- Opening Delimiter -

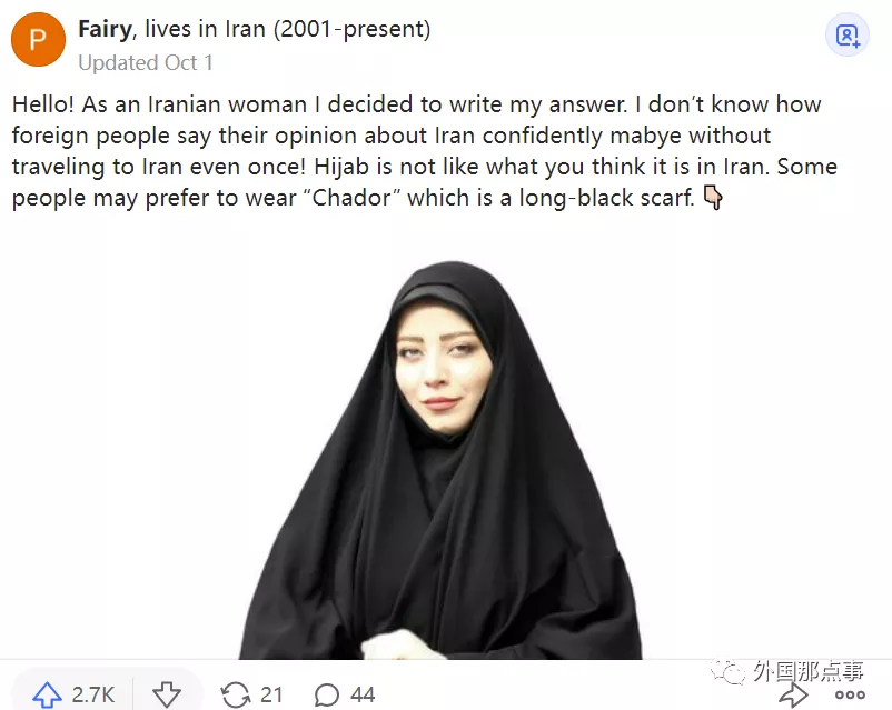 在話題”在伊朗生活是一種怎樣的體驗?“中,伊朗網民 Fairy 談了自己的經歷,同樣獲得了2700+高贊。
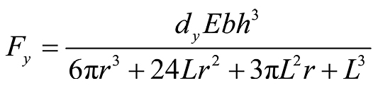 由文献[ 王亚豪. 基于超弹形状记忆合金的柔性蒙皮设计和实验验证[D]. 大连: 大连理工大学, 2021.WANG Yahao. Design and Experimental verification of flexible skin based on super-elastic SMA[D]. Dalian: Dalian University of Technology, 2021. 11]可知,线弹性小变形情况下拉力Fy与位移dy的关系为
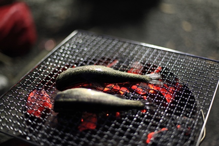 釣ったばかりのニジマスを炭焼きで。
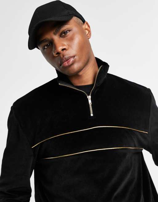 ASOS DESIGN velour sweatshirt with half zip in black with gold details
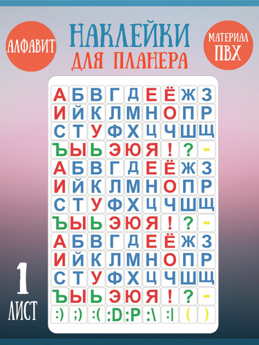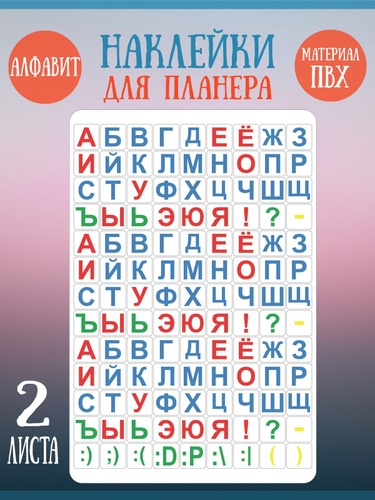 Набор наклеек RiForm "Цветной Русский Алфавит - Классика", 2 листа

- Closing Delimiter -

INSTRUCTIONS TO FOLLOW: Retype the whole listing above exactly as written. Skip the pictures.

EXERCISE SOLUTION:
 在話題”在伊朗生活是一種怎樣的體驗?“中,伊朗網民 Fairy 談了自己的經歷,同樣獲得了2700+高贊。
 由文献[ 王亚豪. 基于超弹形状记忆合金的柔性蒙皮设计和实验验证[D]. 大连: 大连理工大学, 2021.WANG Yahao. Design and Experimental verification of flexible skin based on super-elastic SMA[D]. Dalian: Dalian University of Technology, 2021. 11]可知,线弹性小变形情况下拉力Fy与位移dy的关系为
 釣ったばかりのニジマスを炭焼きで。
 ASOS DESIGN velour sweatshirt with half zip in black with gold details
 Набор наклеек RiForm "Цветной Русский Алфавит - Классика", 2 листа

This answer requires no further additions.